What Does This Mean For Your Business?
Many smaller businesses that are less directly reliant upon the most-up-to-date computers may not be particularly concerned at the present time about the challenge to Moore’s Law, but all businesses are likely to be indirectly affected as their tech giant suppliers struggle to keep improving the capacity of their data-centres, and chip manufacturers struggle with the challenges of chip shortages coupled with the technical difficulties of designing and creating smaller chips with the right levels of performance fast enough.
Many see AI and machine learning as the gateway to finding innovative solutions to improving chip design and computing power, but these also rely on data centres and other areas of computing that have been challenged by the pressure on Moore’s Law.

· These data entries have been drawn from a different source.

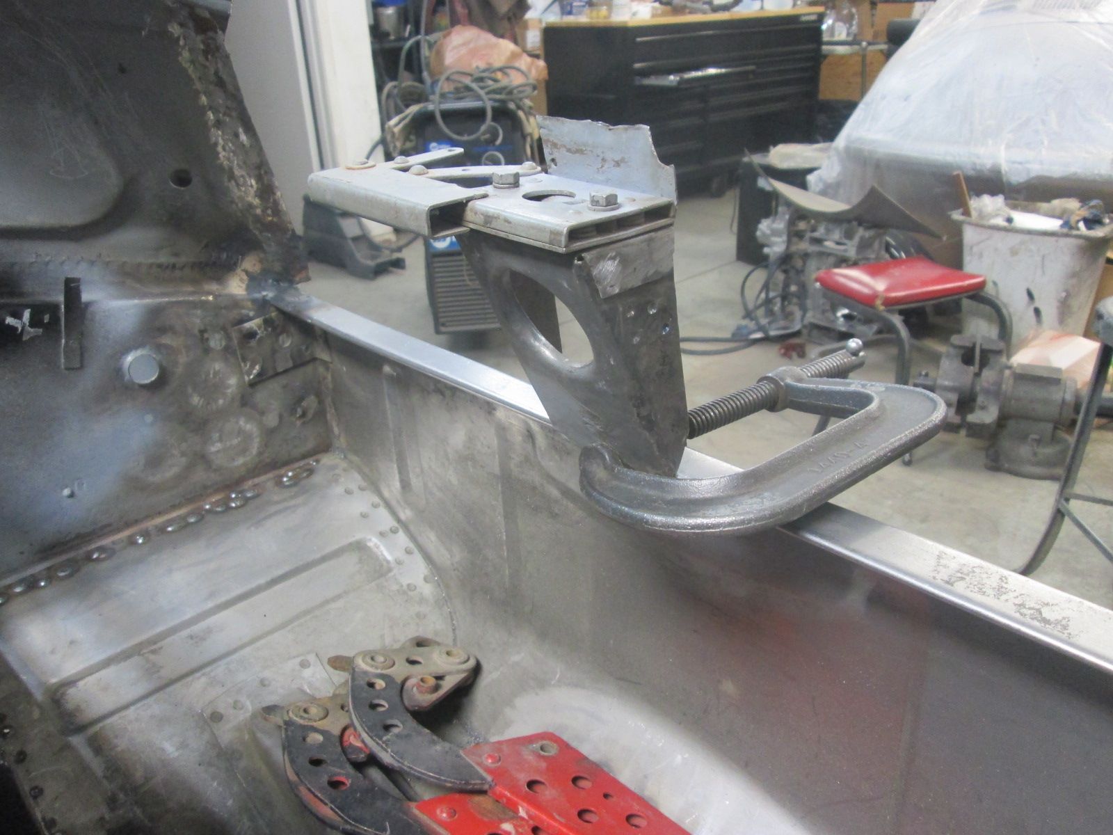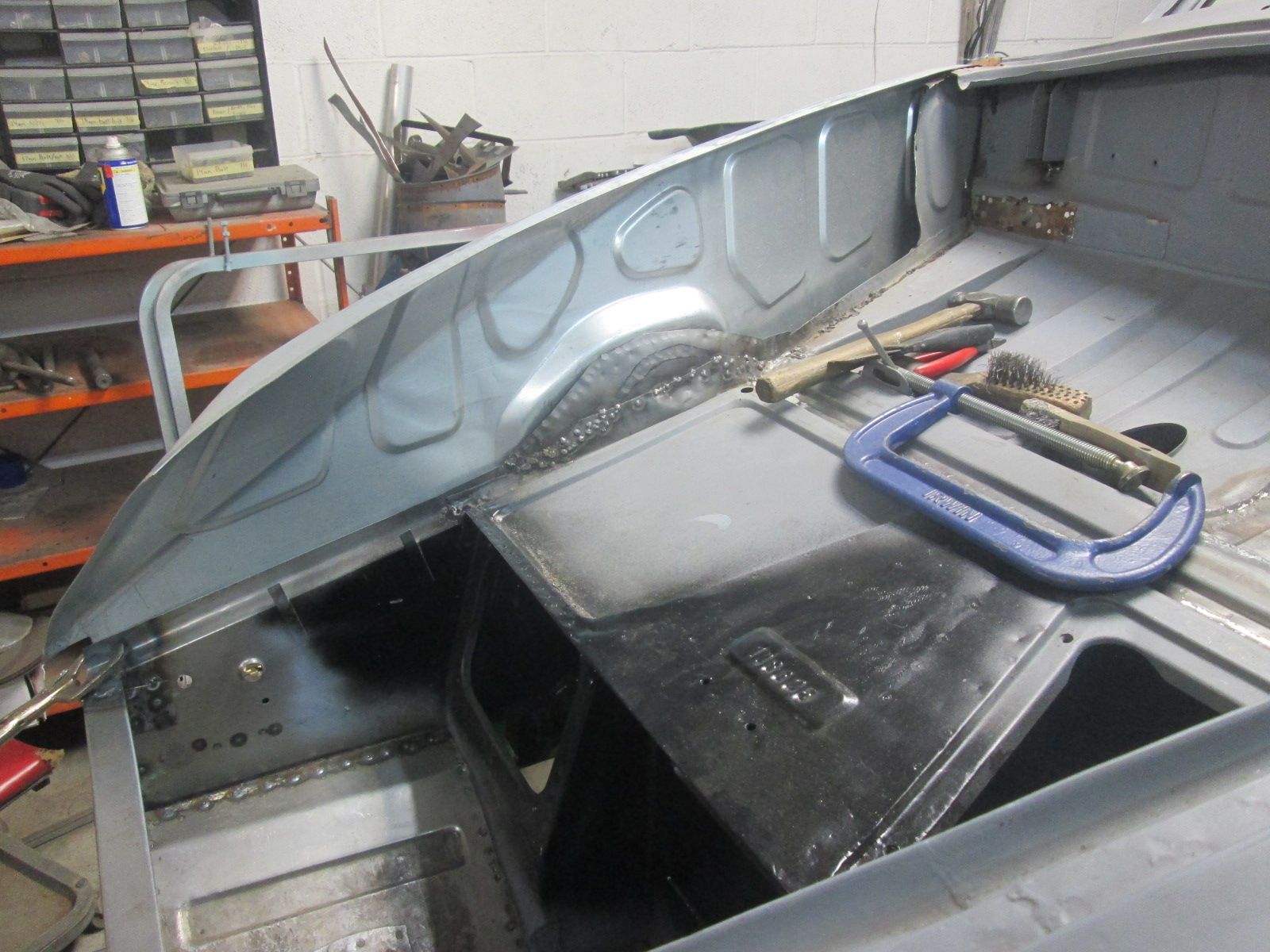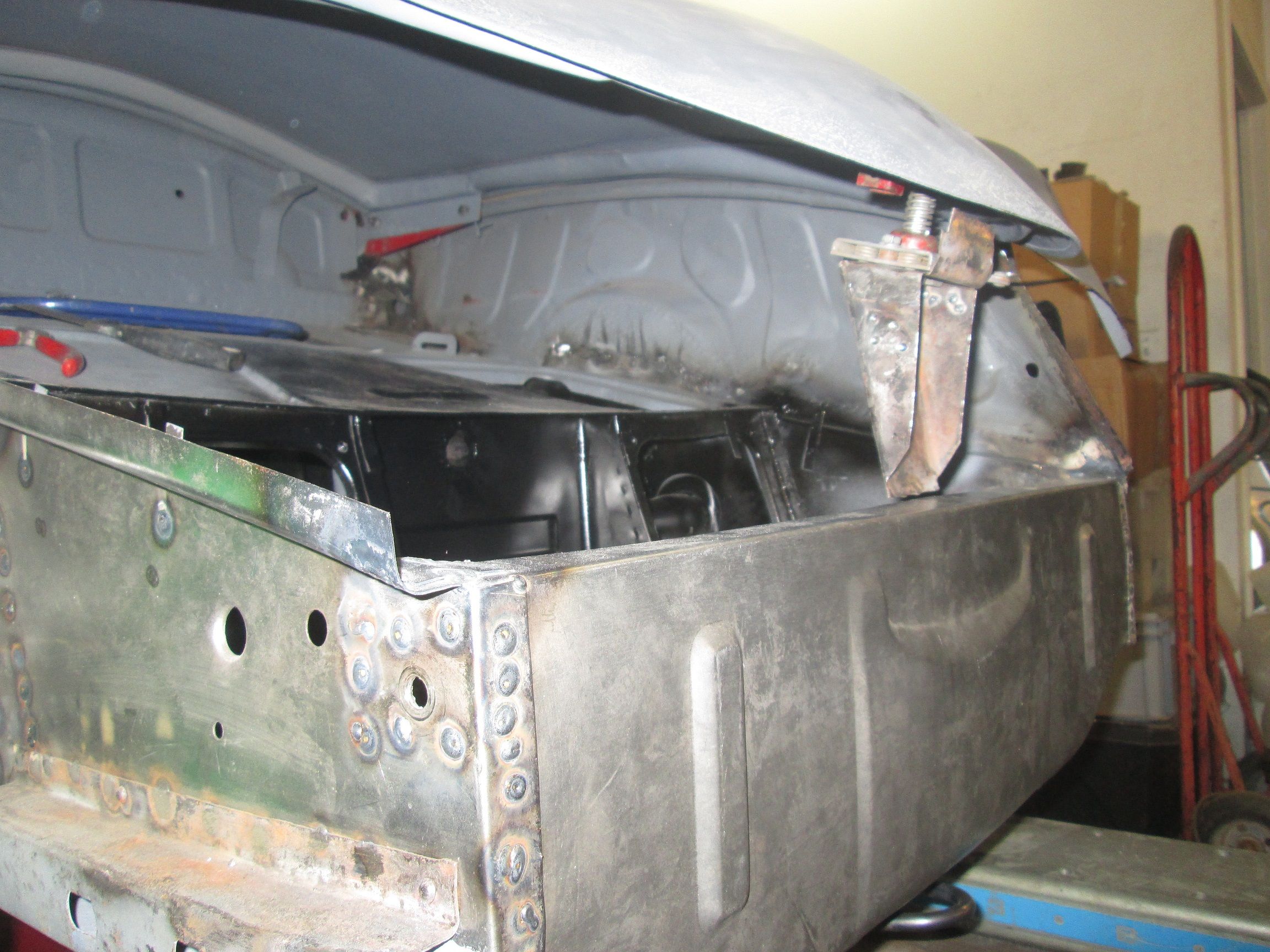 Click image for larger version  Name:	IMG_0447.jpg Views:	3 Size:	535.8 KB ID:	114269 One last piece left. A lot of welding to clean up in here as it was a bit awkward to lean in and weld reaching up. I sure miss this thing being on a rotisserie!
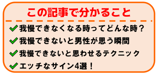 今回は男性に『エッチが我慢できない』と思わせる方法を紹介します♡
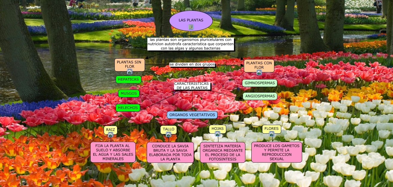 Este Cmap, tiene información relacionada con: ESO1-JAVIER_TORREGROSA-LAS PLANTAS, PLANTAS SIN FLOR se dividen en dos grupos PLANTAS CON FLOR, ORGANOS VEGETATIVOS CARACTERISTICAS DE LAS PLANTAS ANGIOSPERMAS, FLORES MMM PRODUCE LOS GAMETOS Y PERMITE LA REPRODUCCION SEXUAL, HOJAS ???? SINTETIZA MATERIA ORGANICA MEDIANTE EL PROCESO DE LA FOTOSINTESIS, TALLO ???? CONDUCE LA SAVIA BRUTA Y LA SAVIA ELABORADA POR TODA LA PLANTA, ORGANOS VEGETATIVOS ???? TALLO, LAS PLANTAS las plantas son organismos pluricelulares con nutricion autotrofa caracteristica que corpanten con las algas y algunas bacterias PLANTAS CON FLOR, ORGANOS VEGETATIVOS CARACTERISTICAS DE LAS PLANTAS HELECHOS, ORGANOS VEGETATIVOS ???? RAIZ, RAIZ ???? FIJA LA PLANTA AL SUELO Y ABSORBE EL AGUA Y LAS SALES MINERALES, ORGANOS VEGETATIVOS ???? FLORES, ORGANOS VEGETATIVOS ???? HOJAS, LAS PLANTAS las plantas son organismos pluricelulares con nutricion autotrofa caracteristica que corpanten con las algas y algunas bacterias PLANTAS SIN FLOR
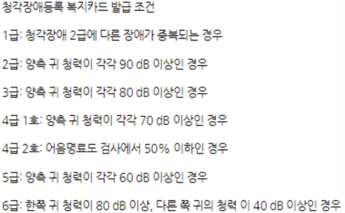 지원자격은 '청각장애'로 등록되셔야만 지원이 가능한데 청각장애 등록 하는 방법에 대해 설명해드리도록 하겠습니다.
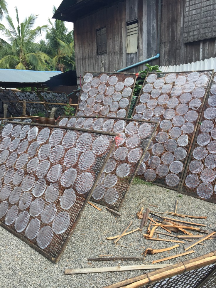 Wednesday morning we had a choice to ride a bike on the roads with motorcycles and cars for 20 kilometers in 94 degrees or take a Tuk Tuk to visit local businesses. It was a “no-brainer” for me. We visited a rice paper shop. These are used to make spring rolls. This family makes about 1500/day. A pack of 100 sells for $1.50. The family nets about $7 a day:
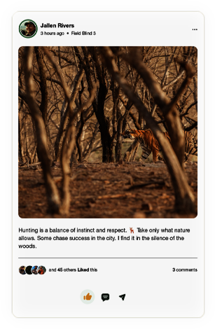 Scroll through updates, photos, and hunting discussions from around the world. Stay connected and learn from hunters everywhere.
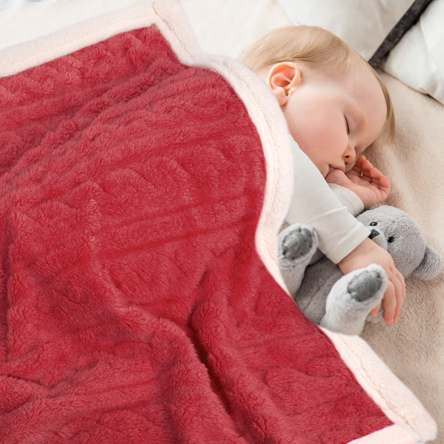 HOMRITAR Baby Blanket for Boys Girls Fluffy Toddler Blanket with Stylish 3D Jacquard Plush Newborn Blanket 30 x 40 Inches Red
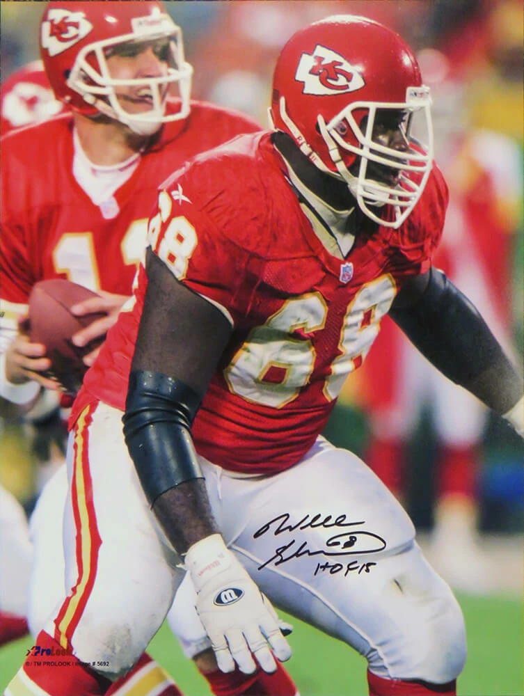 Will Shields signed Kansas City Chiefs action 16×20 photo with ‘HOF 15’ inscription. Item comes with a Schwartz Sports Memorabilia tamper-proof numbered hologram and Certificate of Authenticity which can be verified online.
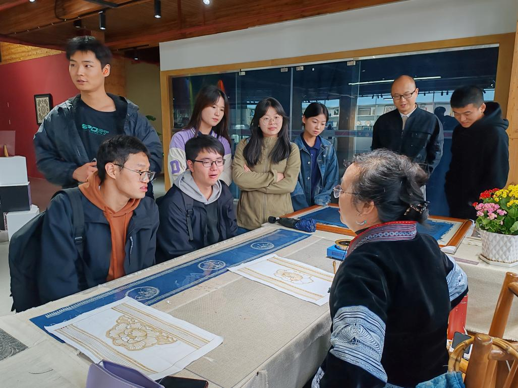 贵州非物质文化展览馆重点展示贵州非物质文化遗产的独特项目,是全国第一座省级综合类非遗馆。在展览馆工作人员的带领下,kaiyun官网师生有序参观展示厅、传承厅,全面了解贵州非物质文化遗产及其发展动态,认识人类非物质文化遗产的生产和发展规律及其与人类社会文明进步的关系。在非遗工坊,同学们争先恐后的与当日驻馆的两位国家级非遗传承人直接对话,学生们就自己感兴趣的问题进行访谈,了解非遗背后的故事,并积极实践部分非遗项目。
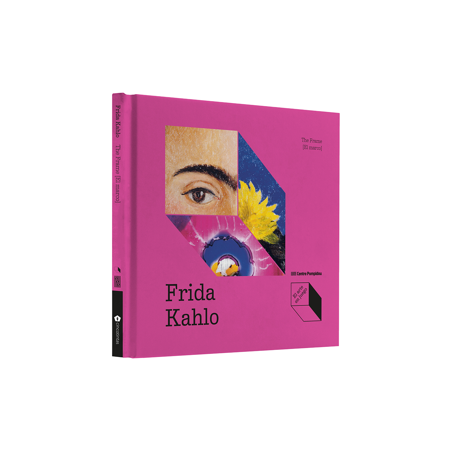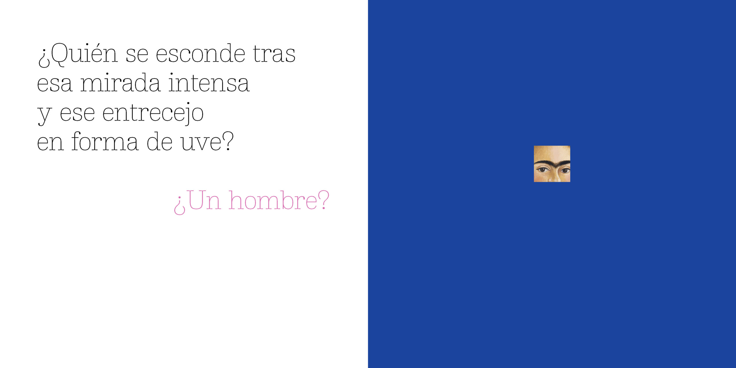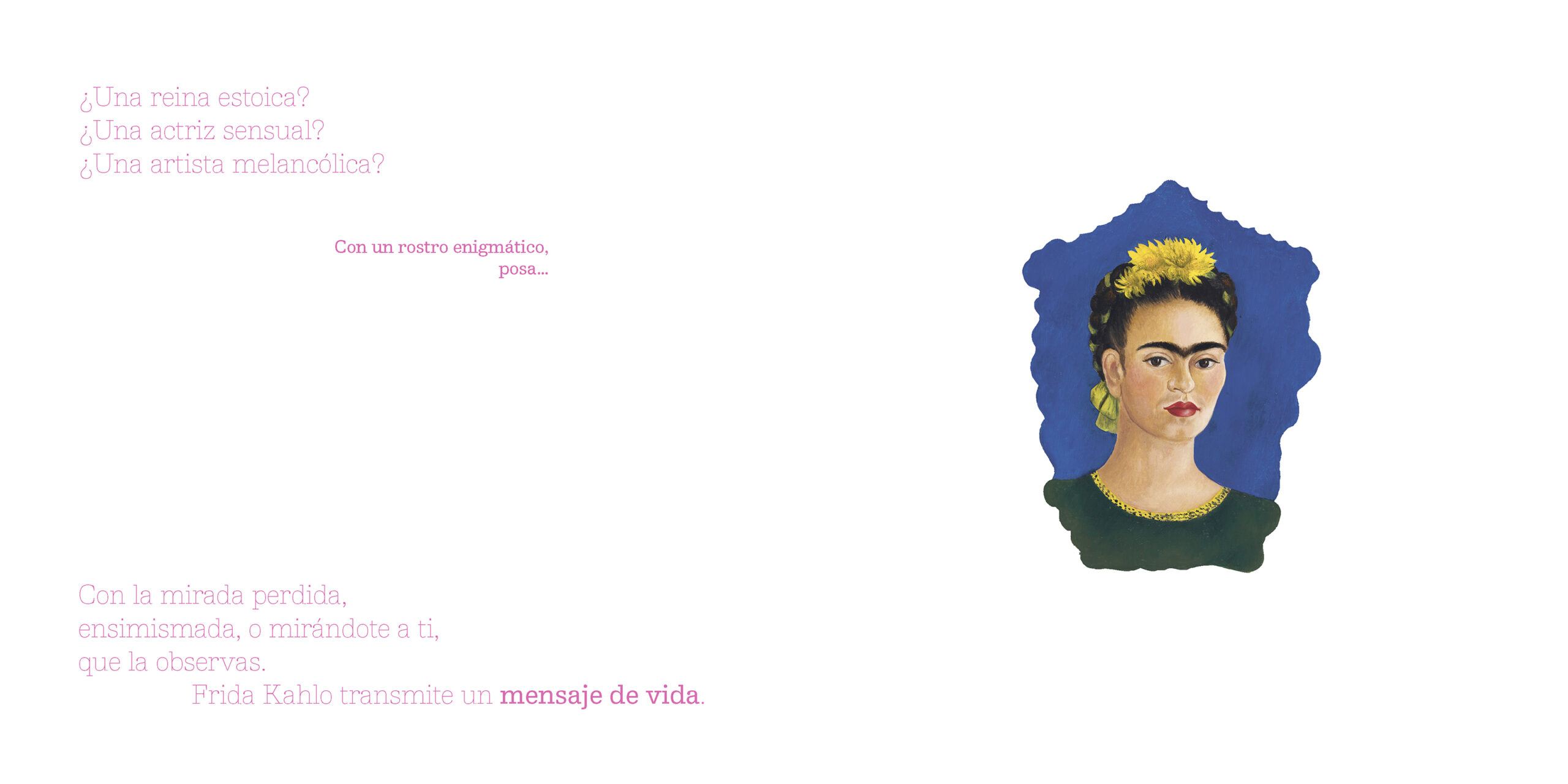 y reúnen en un jubiloso corro. En medio de un intenso fondo azul, Frida Kahlo nos mira. Artista y modelo a la vez, transmite un mensaje de vida.
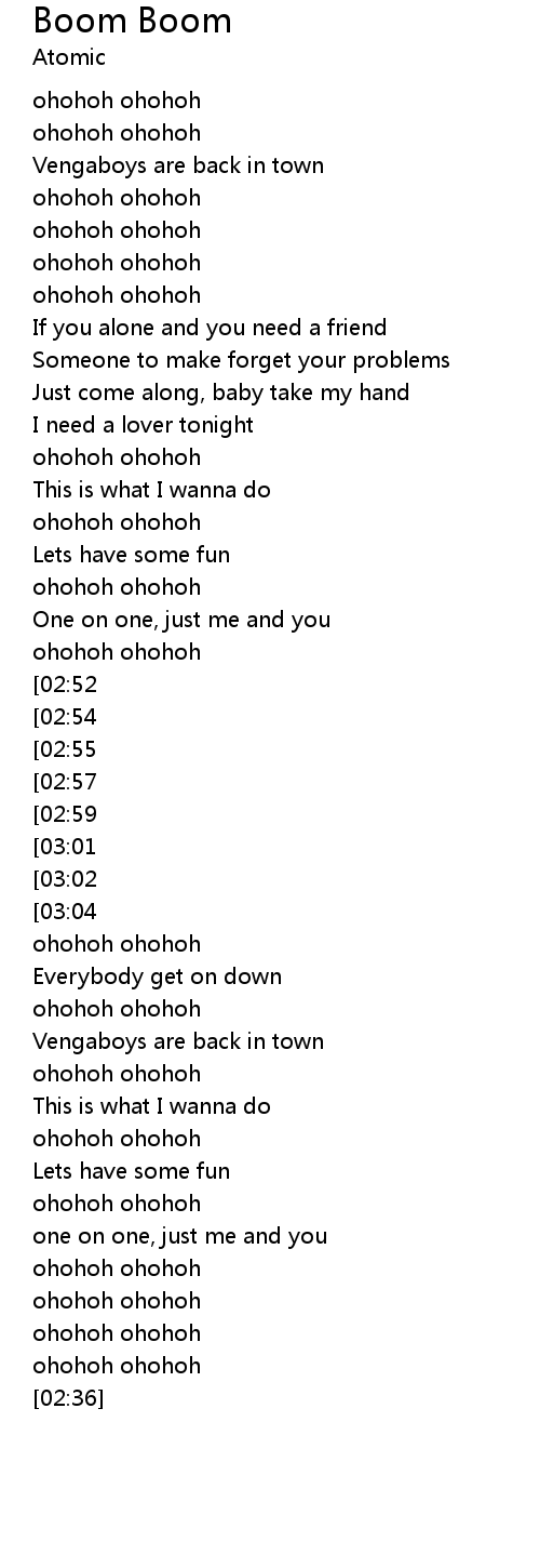 | [03:05][02:52][01:56][01:42][00:54] | Boom Boom Boom Boom!! |

A more likely way forward might be that chip designs will need to be improved and highly specialised versions will need to be produced, and Microsoft and Intel have already made a start on this by working on reconfigurable chips. Also, the big tech companies may need to collaborate on their R &D in order to find the way forward in increasing the rate of improvement of computing power that can ensure that businesses can drive their products, services, and innovation forward.